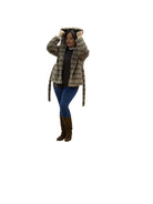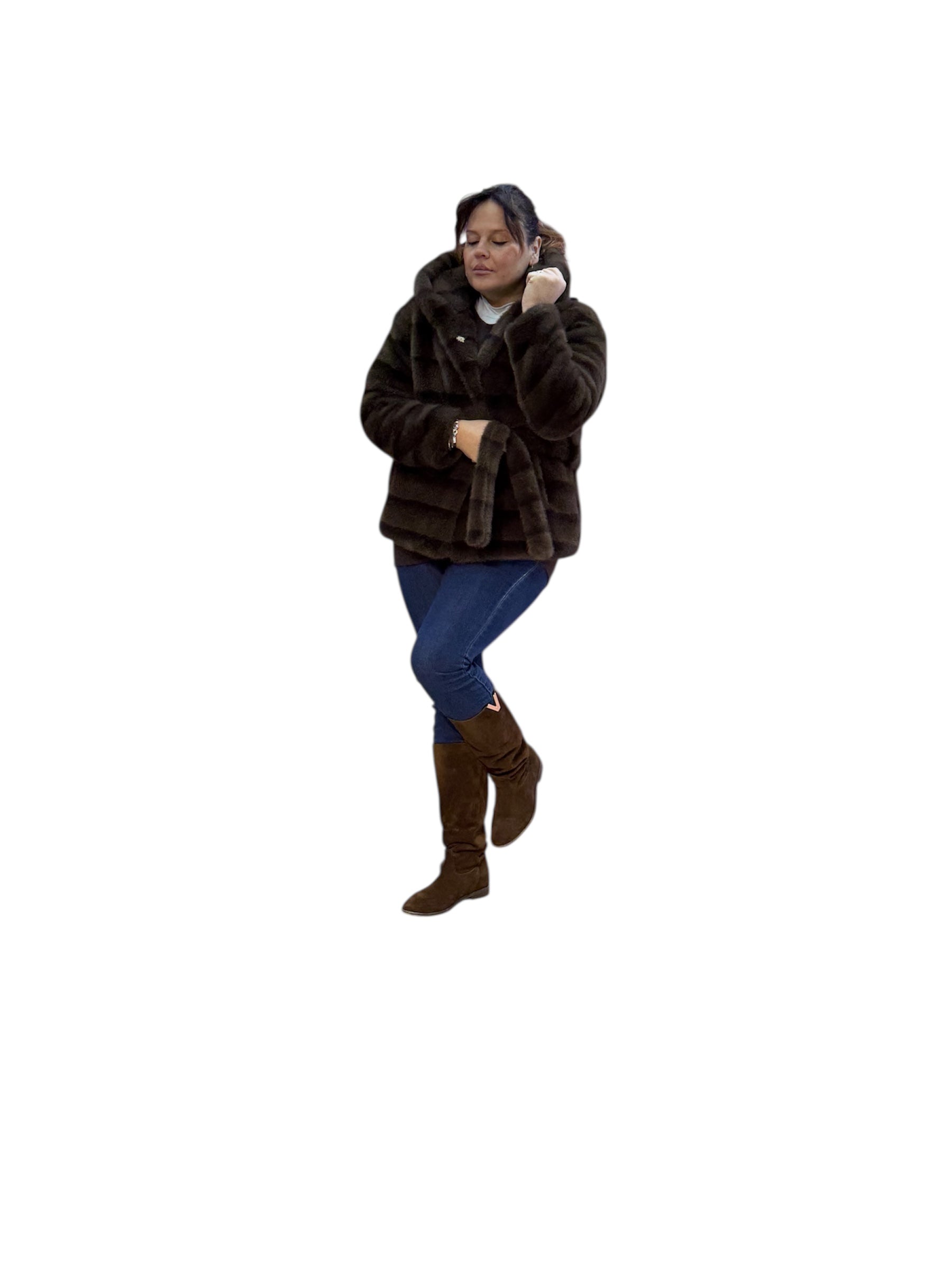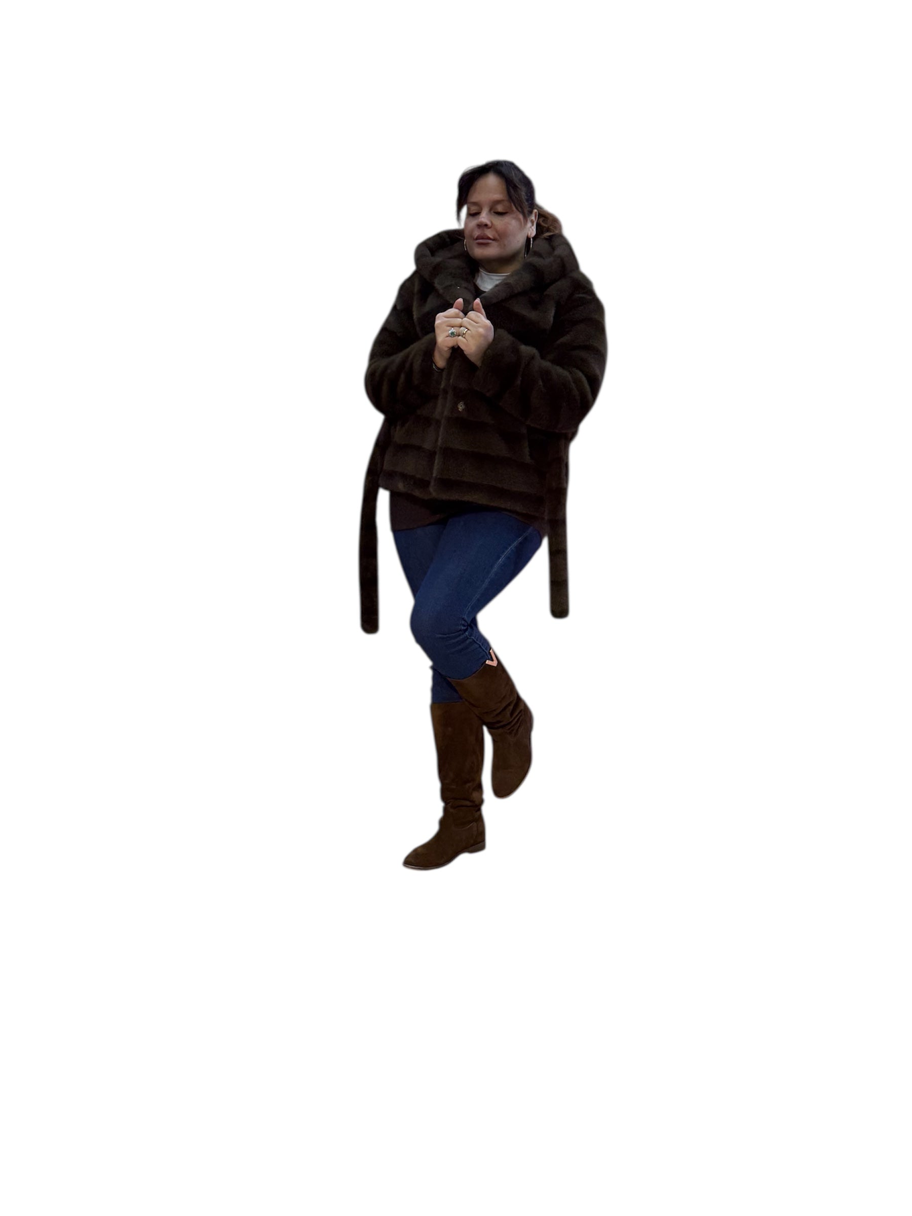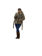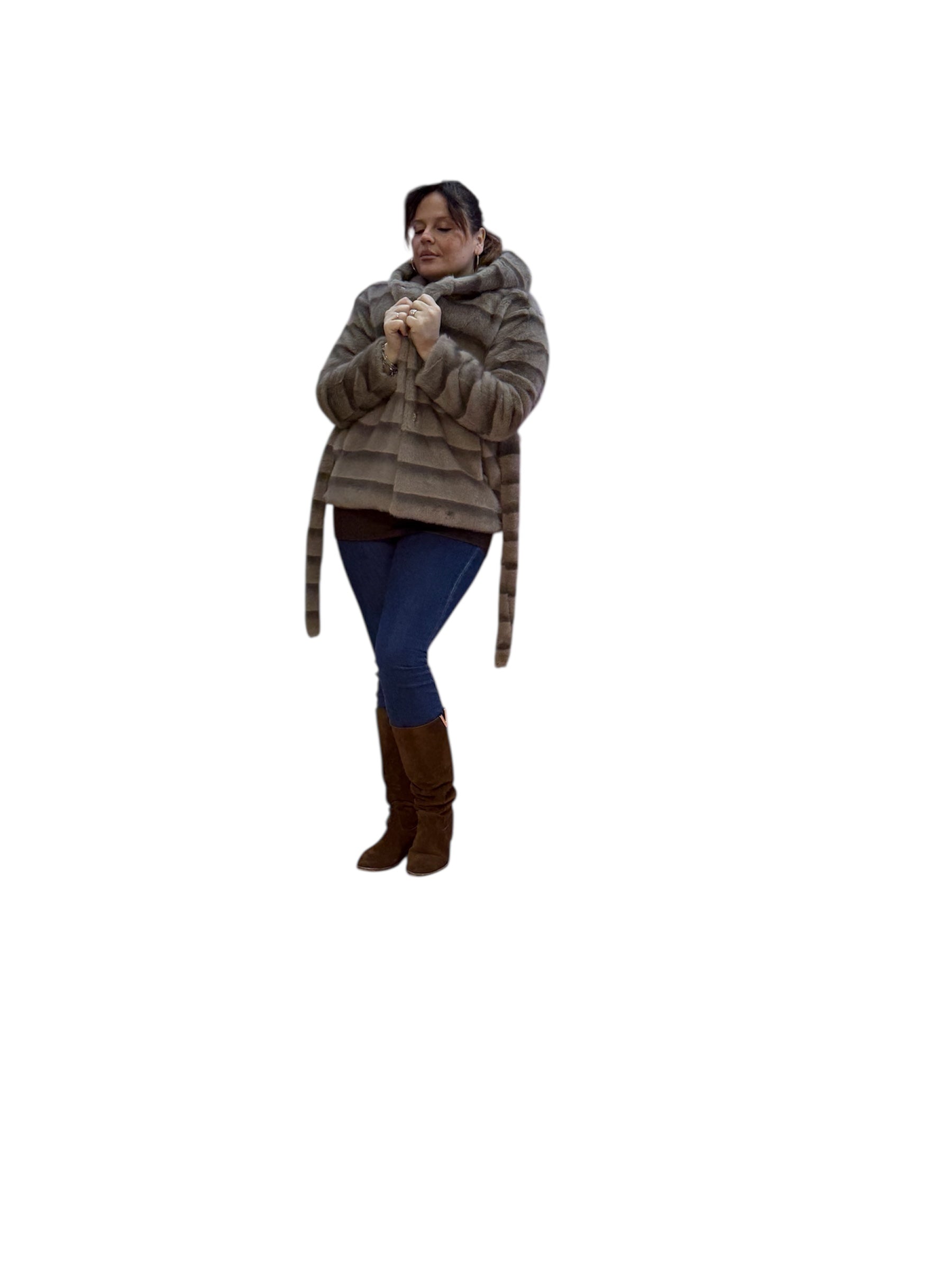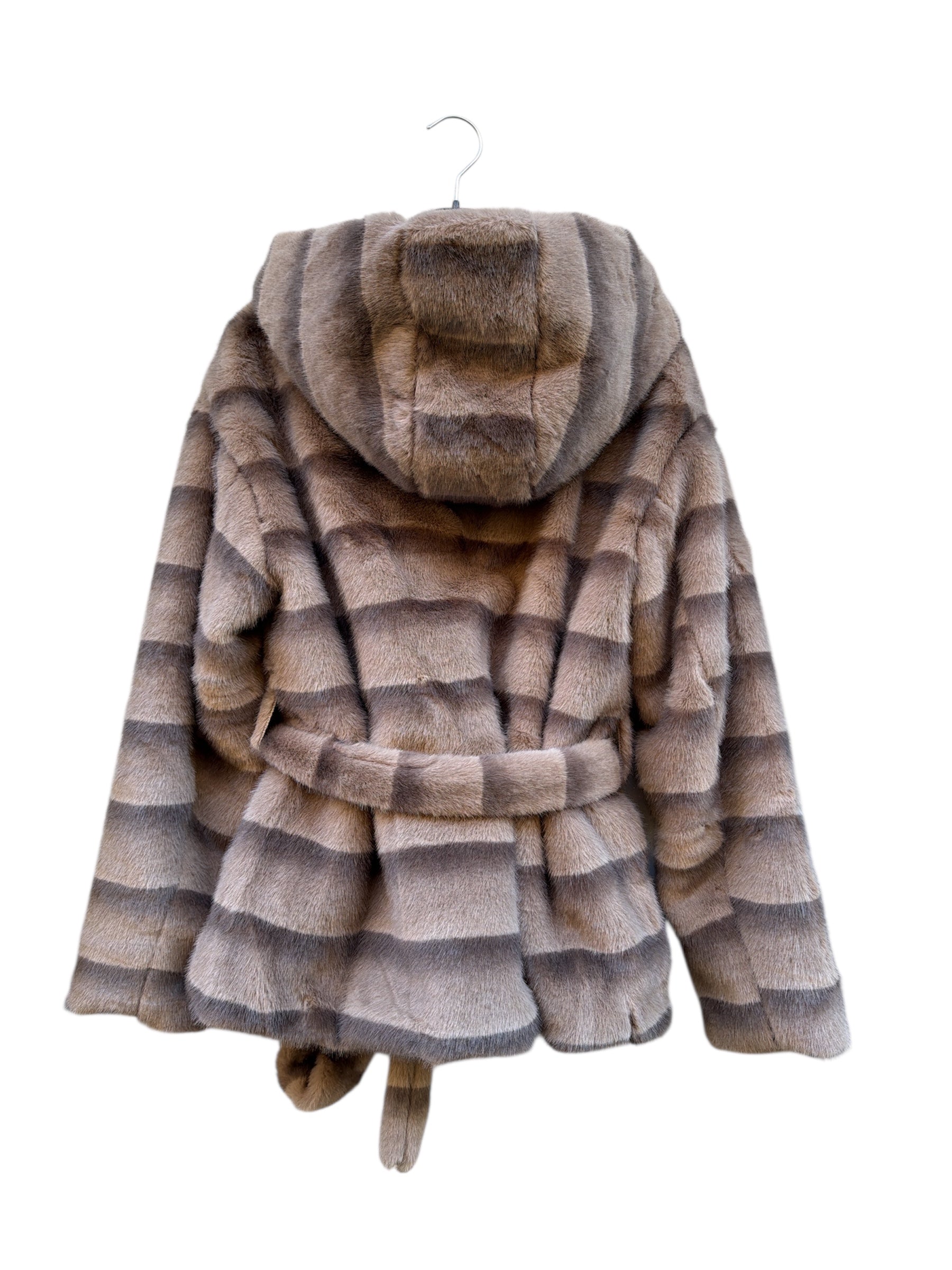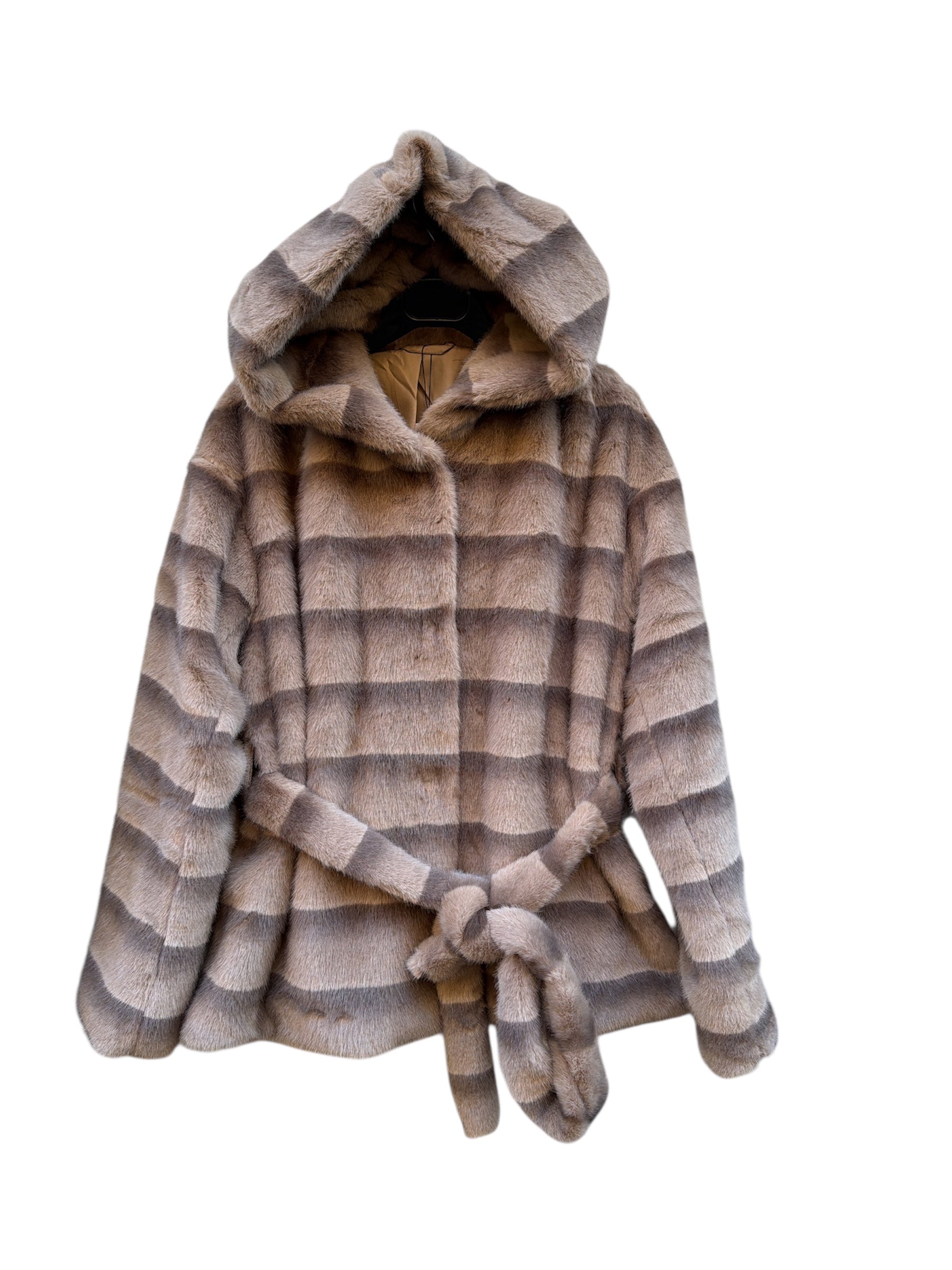 Ecopelliccia con fodera,cintura,cappuccio e bottoni
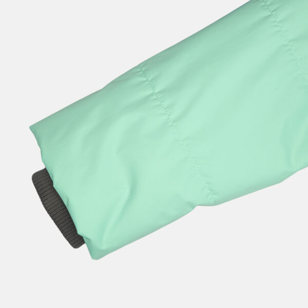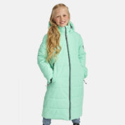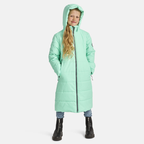 Insulated (100 g) water- and windproof between-seasons coat for girls. The top layer of the coat is breathable as well as water- and windproof. It has ribbed sleeve cuffs. The coat has a two-way zipper at the front and pockets with zippers. It is decorated with reflective details.
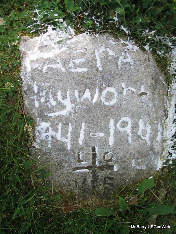 Research Note: His death certificate does not give a place of burial but he is from the same Hayworth family as the other 2 children already listed. Baby boy, 3 hours old. He was a son of Vannie Oliver Hayworth, born KS, and Nellie Leona Guiles, born Kansas City, MO. Informant was Mrs. Hayworth. Cause of death was convulsions. The homemade stone looks like it reads Faera. | Death Certificate Photo Phyllis Long |
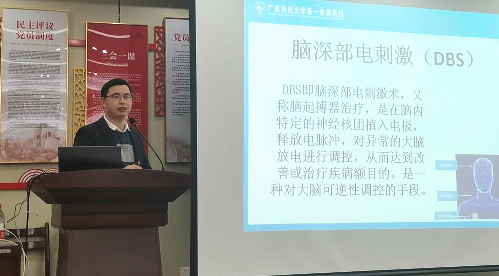 为拓展临床专业学生现代医学知识,11月22日晚,广西科技大学第一临床医学院教工党支部联合学生党支部、行政第二党支部在第一临床医学院党员活动室共同举办“师生汇·师生共话‘医’心路”第三期活动—神经外科手术机器人手术专题讲座,这也是我院打造的“我与专家面对面”学风建设特色品牌项目系列活动之一。
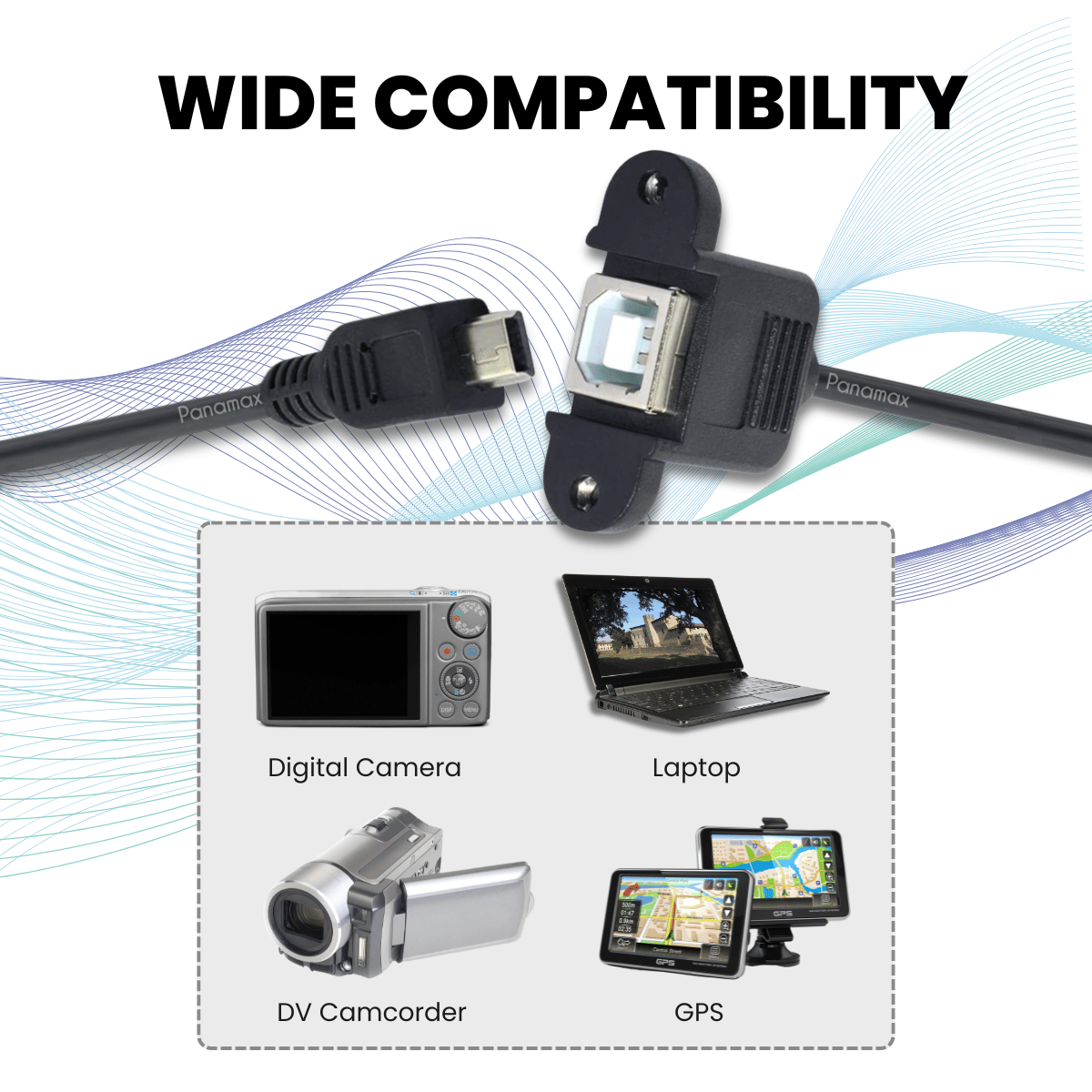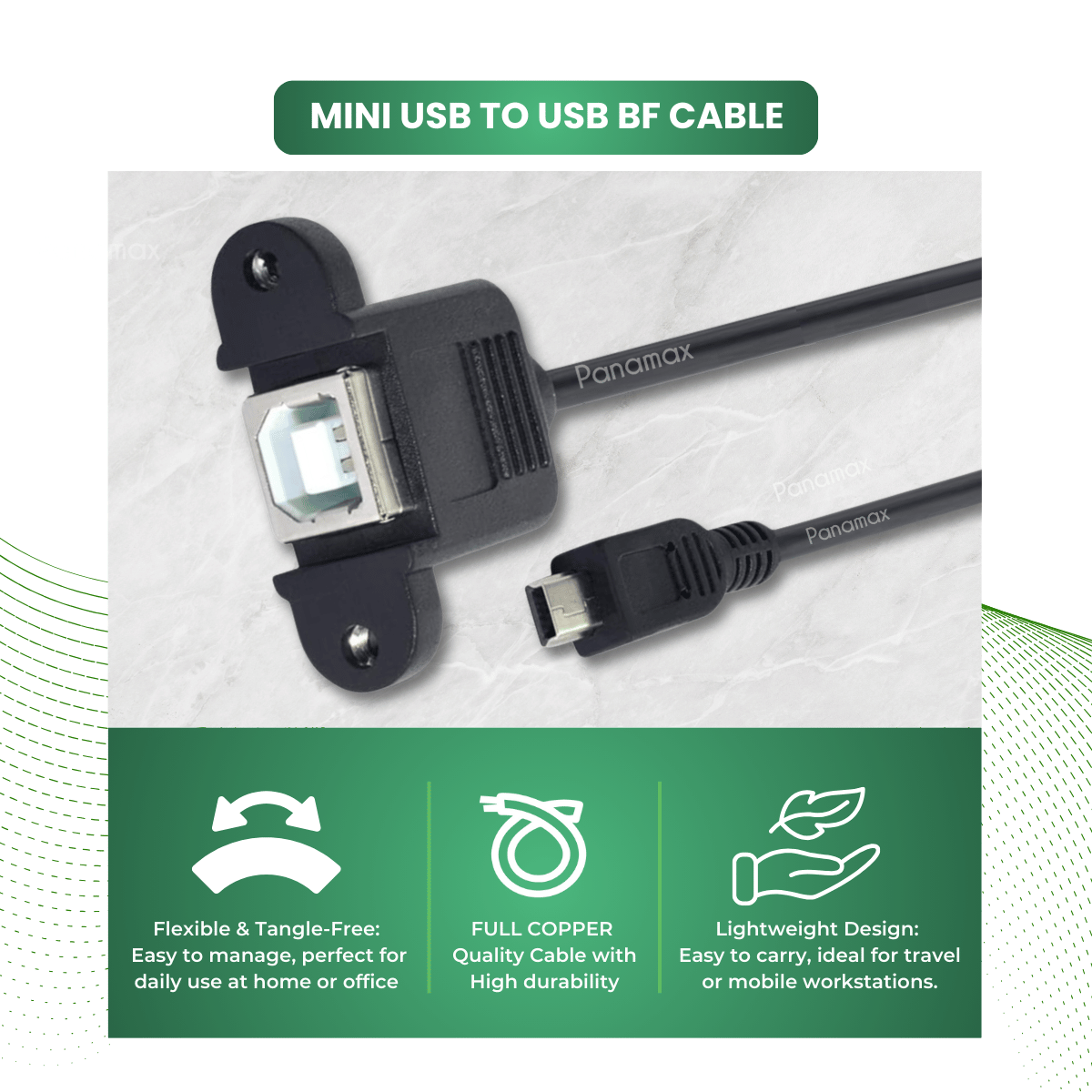 Mini USB 5pin Male to USB B Female panel mount type Cable 50cm with screws
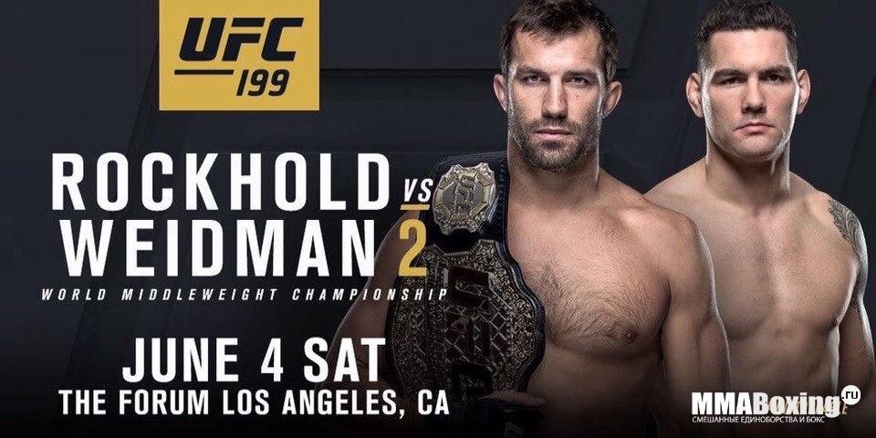 Новоиспеченный чемпион UFC среднем весе Люк Рокхолд (15-2 MMA, 5-1 UFC) узнал точную дату своего реванша с бывшим чемпионом Крисом Вайдманом (12-1 MMA, 9-1 UFC) – бойцы возглавят турнир UFC 199, запланированный на 4 июня. Что любопытно, Люк Рокхолд недавно заявлял, что категорически отказывается драться именно на UFC 199, но, похоже, судьба распорядилась иначе.

• **WORK REQUEST**
Print the data above in full and exactly as it appears, skipping the pictures.

• **ANSWER TO THE PROBLEM**
 Ecopelliccia con fodera,cintura,cappuccio e bottoni
 Insulated (100 g) water- and windproof between-seasons coat for girls. The top layer of the coat is breathable as well as water- and windproof. It has ribbed sleeve cuffs. The coat has a two-way zipper at the front and pockets with zippers. It is decorated with reflective details.
 Research Note: His death certificate does not give a place of burial but he is from the same Hayworth family as the other 2 children already listed. Baby boy, 3 hours old. He was a son of Vannie Oliver Hayworth, born KS, and Nellie Leona Guiles, born Kansas City, MO. Informant was Mrs. Hayworth. Cause of death was convulsions. The homemade stone looks like it reads Faera. | Death Certificate Photo Phyllis Long |
 为拓展临床专业学生现代医学知识,11月22日晚,广西科技大学第一临床医学院教工党支部联合学生党支部、行政第二党支部在第一临床医学院党员活动室共同举办“师生汇·师生共话‘医’心路”第三期活动—神经外科手术机器人手术专题讲座,这也是我院打造的“我与专家面对面”学风建设特色品牌项目系列活动之一。
 Mini USB 5pin Male to USB B Female panel mount type Cable 50cm with screws
 Новоиспеченный чемпион UFC среднем весе Люк Рокхолд (15-2 MMA, 5-1 UFC) узнал точную дату своего реванша с бывшим чемпионом Крисом Вайдманом (12-1 MMA, 9-1 UFC) – бойцы возглавят турнир UFC 199, запланированный на 4 июня. Что любопытно, Люк Рокхолд недавно заявлял, что категорически отказывается драться именно на UFC 199, но, похоже, судьба распорядилась иначе.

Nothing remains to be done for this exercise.